Читаем Жизнь в невозможном мире полностью

Лаборатория наша находится в центре острова, с юга омываемого Атлантическим океаном. С северной стороны находится большой спокойный залив, отделяющий Лонг-Айленд от штата Коннектикут. Залив этот всего лишь в трех минутах езды от моего дома, и я часто брожу по его берегам.

Приедается все,Лишь тебе не дано примелькаться.Дни проходят,И годы проходятИ тысячи, тысячи лет.В белой рьяности волн,ПрячасьВ белую пряность акаций,Может, ты-то их,Море,И сводишь, и сводишь на нет.(Б. Пастернак)

Вокруг много живности, главным образом птиц, но также кроликов, енотов, черепах. Природа и пейзаж напоминают мне места на Волге под Самарой, где я вырос. На самой кромке воды чуть ли не самым частым гостем является очень древний обитатель нашей планеты — подковообразный краб. Это жутковатое на вид, хотя и совершенно безобидное существо, достигающее довольно больших размеров (до сорока сантиметров в диаметре). По справкам, этому виду двести пятьдесят, а может, и триста миллионов лет, то есть он на десятки миллионов лет старше самых древних динозавров. Краб этот пережил две страшные планетарные катастрофы: чудовищную засуху пермского периода, когда, по оценкам, погибло восемьдесят процентов живых существ, населяющих землю, и катастрофу конца мелового периода (семьдесят миллионов лет назад), приведшую, в частности, к исчезновению динозавров.

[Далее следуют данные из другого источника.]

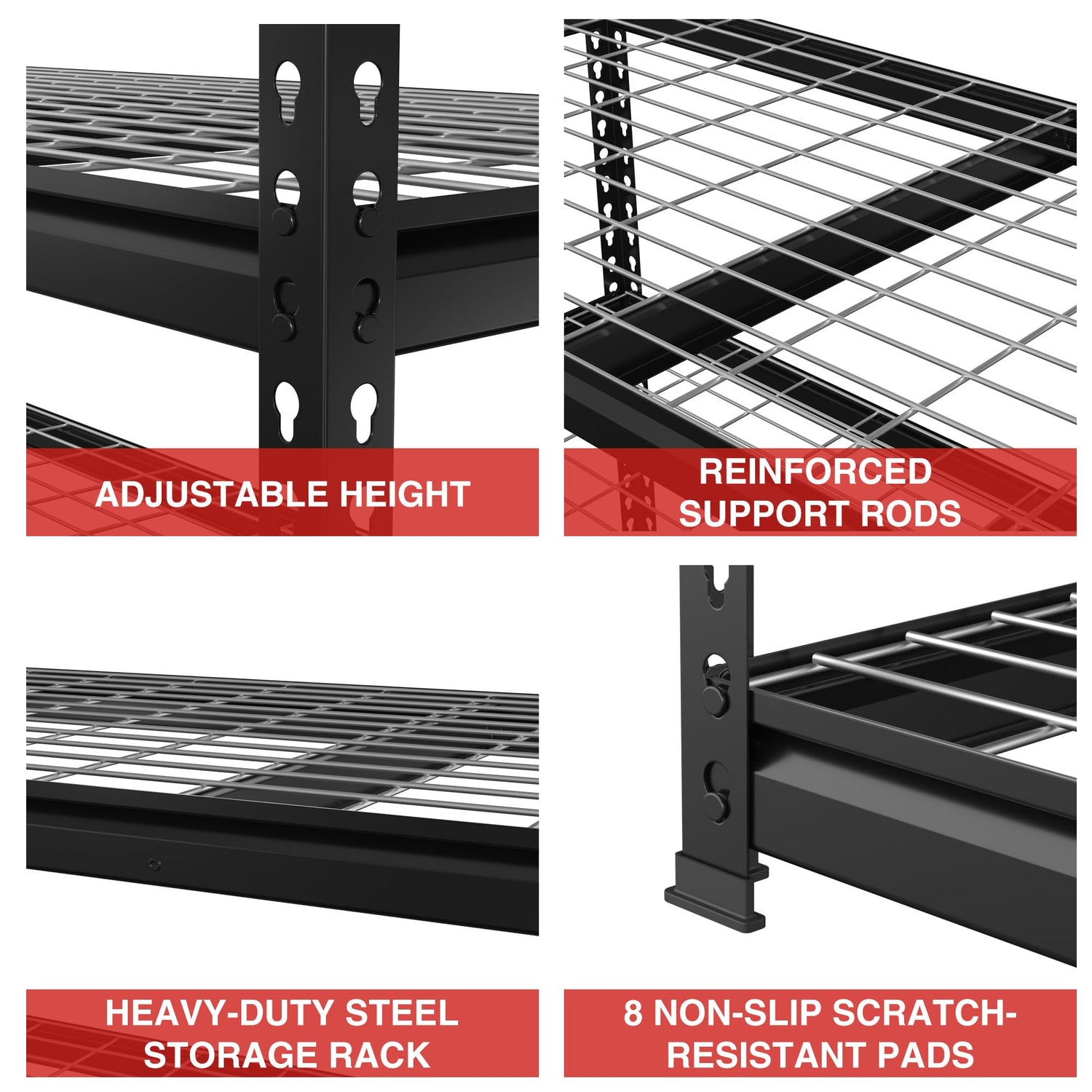 - 【Multipurpose Storage Rack】This shelving unit is versatile, suitable for use in garages, warehouses, storage rooms, kitchens, offices, living rooms, and more. Its wide range of applications makes it a practical choice for different environments.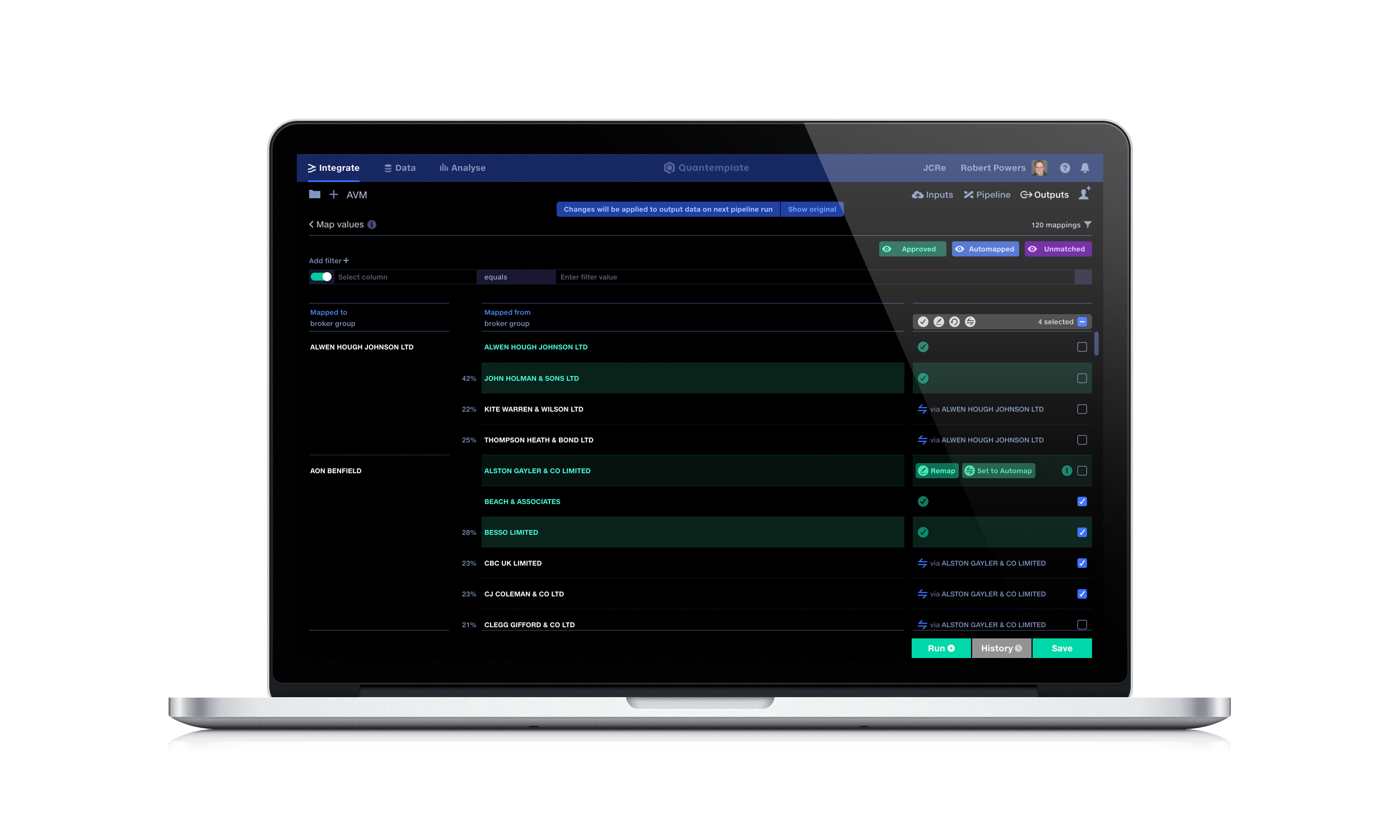 Quantemplate | Enterprise companies (1,001+ employees) | Quantemplate's data integration, automation and analytics platform aims to turn insurance data sources into trusted insights. It is presented as a data preparation solution for insurance professionals, automating data clean-up, then performing calculations, augmenting with external data and doing validation checks – all without writing a single line of code. The vendor describes its benefits: Comprehensive: full data transformation feature set with over 50… | N/A |

Древнее существо это производит впечатление чего-то не приспособленного к жизни. Будучи перевернуто на спину, оно не может перевернуться обратно. Поэтому берега залива усеяны погибшими или погибающими крабами, беспомощно перебирающими лапками в воздухе. Так что на первый взгляд подковообразный краб — пример плохого инженерного решения, не то что ускоритель или синхротрон. Указывая на него, так и хочется, вослед Мефистофелю, воскликнуть: «Творенье не годится никуда!» Но вот «плохое» это решение служит уже триста миллионов лет. Оно совсем не плохое, так как это примитивное существо на деле доказало, что приспособлено к жизни лучше, чем миллионы других, которых ему удалось пережить. Поэтому к утверждению о том, что процесс усложнения живого движим лишь соображениями выживания, нужно, по-моему, относиться очень критически.

Как читатель, возможно, заметил, в этой книге я воздерживаюсь от изложения собственных научных теорий. Практически весь обсуждаемый мною естественно-научный материал взят из источников, признаваемых в академической среде бесспорными, в значительной мере даже из учебников. Факты эти давно известны, они лишь не осмыслены по причинам, о которых я предоставляю читателю судить самому. Сейчас я собираюсь нарушить это табу и высказать свое мнение касательно области, в которой я не являюсь специалистом.

Глядя на подковообразного краба или, например, на тараканов, которые тоже представляют собой почти оптимальную с точки зрения выживания конструкцию, думаешь о том, как странно устроена эволюция. Одни существа остаются неизменными на сотни миллионов лет, другие стремительно меняются. Изменения происходят то медленно, то чрезвычайно быстро. Первые микробы возникли практически сразу после того, как Земля остыла, и в течение почти трех миллиардов лет Землю населяли только одноклеточные существа, а потом вдруг, около 580–530 миллионов лет назад, почти разом (за несколько десятков миллионов лет) возникли все типы ныне существующих многоклеточных. Не один за другим (сначала моллюски, а потом позвоночные, как нас когда-то учили), а все одновременно. Почему так быстро? Почему все типы возникли сразу, а потом не прибавилось ни одного?

Дарвинисты утверждают, что изменения живых существ (эволюция) имеют единственным своим источником случайные мутации. Это утверждение несет в их мировоззрении огромную идеологическую нагрузку. Те особи, в которых мутации приводят к изменениям положительным в смысле выживания, производят больше потомства, и, таким образом, эти изменения закрепляются. Звучит разумно, роль мутаций и отбора я никогда не отрицал. Но вот это «единственно» меня всегда изумляло. Говорят, незачем вводить что-то еще, если теория и так все объясняет. А зачем было вводить в теорию частиц нейтрино, когда хватало вроде бы протона и электрона? И не ввели бы, если бы не было численных оценок, так как увидеть нейтрино было чрезвычайно трудно. Как же можно говорить, что теория все объясняет, если нет надежных математических расчетов, обосновывающих возможность случайной эволюции за период, установленный палеонтологией?